Mark this issue or PR as fresh with /remove-lifecycle stale
Mark this issue or PR as rotten with /lifecycle rotten
Close this issue or PR with /close
Offer to help out with Issue Triage

Please send feedback to sig-contributor-experience at kubernetes/community.

/lifecycle stale

rtheis · 2022-12-20T00:55:16Z

/remove-lifecycle stale

saschagrunert · 2023-11-29T10:52:59Z

Kubernetes v1.21 is out of support since quite some time. Do we need to keep this issue open?

rtheis · 2023-11-29T13:21:07Z

@Joseph-Goergen does this problem still exist?

Joseph-Goergen · 2023-11-29T15:37:39Z

Yes, we expected to get kicked out after 15 minutes.

root@lima-rancher-desktop:/home/test# date; kubectl exec -it -n kube-system   public-crcligg6n106oup9la3opg-alb1-84647bbdc6-9jbxv -- sh; date
Wed Nov 29 09:05:29 CST 2023
Defaulted container "nginx-ingress" out of: nginx-ingress, sysctl (init)
/etc/nginx $ exit
Wed Nov 29 09:34:07 CST 2023
root@lima-rancher-desktop:/home/test# kubectl version
WARNING: This version information is deprecated and will be replaced with the output from kubectl version --short.  Use --output=yaml|json to get the full version.
Client Version: version.Info{Major:"1", Minor:"26", GitVersion:"v1.26.1", GitCommit:"e251b5ebd2466adde7b395bf3ab515b8f6cd0c84", GitTreeState:"clean", BuildDate:"2023-07-28T20:59:48Z", GoVersion:"go1.19.10 X:strictfipsruntime", Compiler:"gc", Platform:"linux/arm64"}
Kustomize Version: v4.5.7
Server Version: version.Info{Major:"1", Minor:"29+", GitVersion:"v1.29.0-rc.0+IKS", GitCommit:"72e05a14a44f21af99ba99a39391620d6495a7a9", GitTreeState:"clean", BuildDate:"2023-11-22T17:43:16Z", GoVersion:"go1.21.4", Compiler:"gc", Platform:"linux/amd64"}
WARNING: version difference between client (1.26) and server (1.29) exceeds the supported minor version skew of +/-1

liggitt · 2023-11-29T15:43:39Z

I don't think this is a bug, I think it's a misapplication of stream_idle_timeout to mean "no user activity", since the keepalive ping (needed to make slow-moving log and port-forward connections stable) is making the connection "not idle".

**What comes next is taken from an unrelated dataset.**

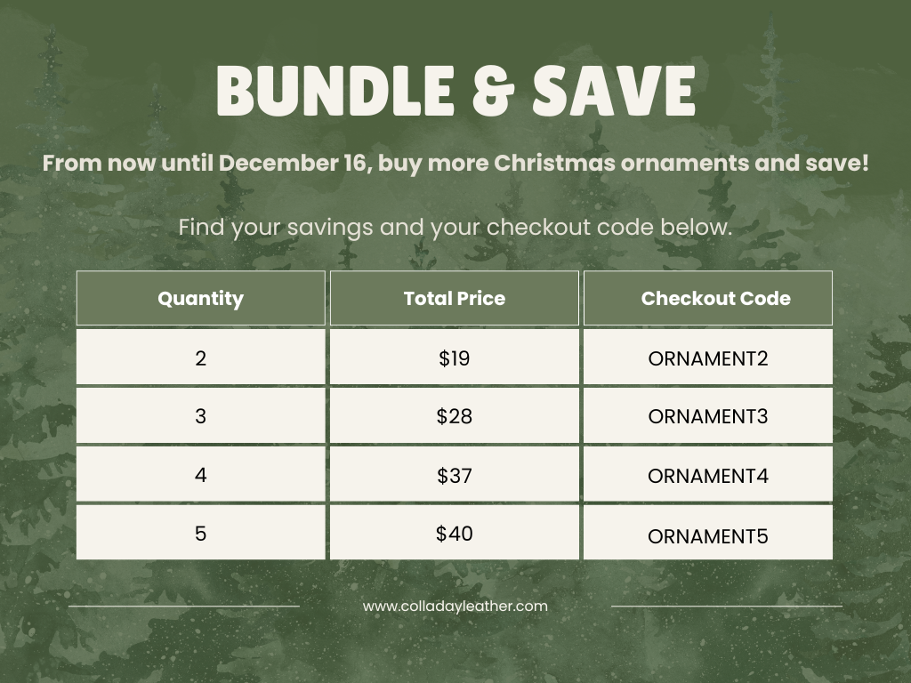 ** As is the charm of all handmade items, each ornament will have slight variances in the leather. This ensures that each Colladay Leather product you purchase is truly one-of-a-kind.

saschagrunert · 2023-11-29T15:51:13Z

The option StreamingConnectionIdleTimeout is not used any more in the kubelet, I think it's gone with dockershim. Tested the change there: #122104

kwilczynski · 2023-11-29T16:19:26Z

To add to what @saschagrunert mentioned above.

There are no users left of this field in the underlying type, and this is not used anywhere any more. I found out about this while looking into idle stream timeouts used together with CRI-O.

That said, I also believe that streaming was moved out from kubelet some time ago, and now the CRI-compatible runtimes are expected to handle this functionality (CRI-O does already).

@Joseph-Goergen, I believe that you can set this too for containerd, per:

containerd/docs/cri/config.md#L142-L146

rtheis · 2023-11-30T14:22:48Z

@liggitt @kwilczynski we do set stream_idle_timeout and expected to get booted after that the timeout but as you noted there is a "keepalive ping" so the connection is not really idle. We see #115493 opened to provide an option along with cri-o/cri-o#4995 and containerd/containerd#5563 opened against the container runtimes. How do you all recommend that we proceed to at least support an option for an exec timeout?

saschagrunert · 2023-11-30T15:14:33Z

@rtheis we already have --stream-idle-timeout in CRI-O. Handling this at the container runtime level seems right to me.

kwilczynski · 2023-11-30T21:52:32Z

@rtheis, we are troubleshooting a similar issue in OpenShift at the moment, albeit affecting our oc command-line utility, which is kubectl compatible.

That said, there is a change in dependency for the CLI, both oc and kubectl (since oc follows dependencies from the upstream, as such, it makes sense both are affected) around the Kubernetes 1.21 release.

If you grab kubectl 1.20, it will work fine, and the timeout in the CRI will be obeyed and consistent.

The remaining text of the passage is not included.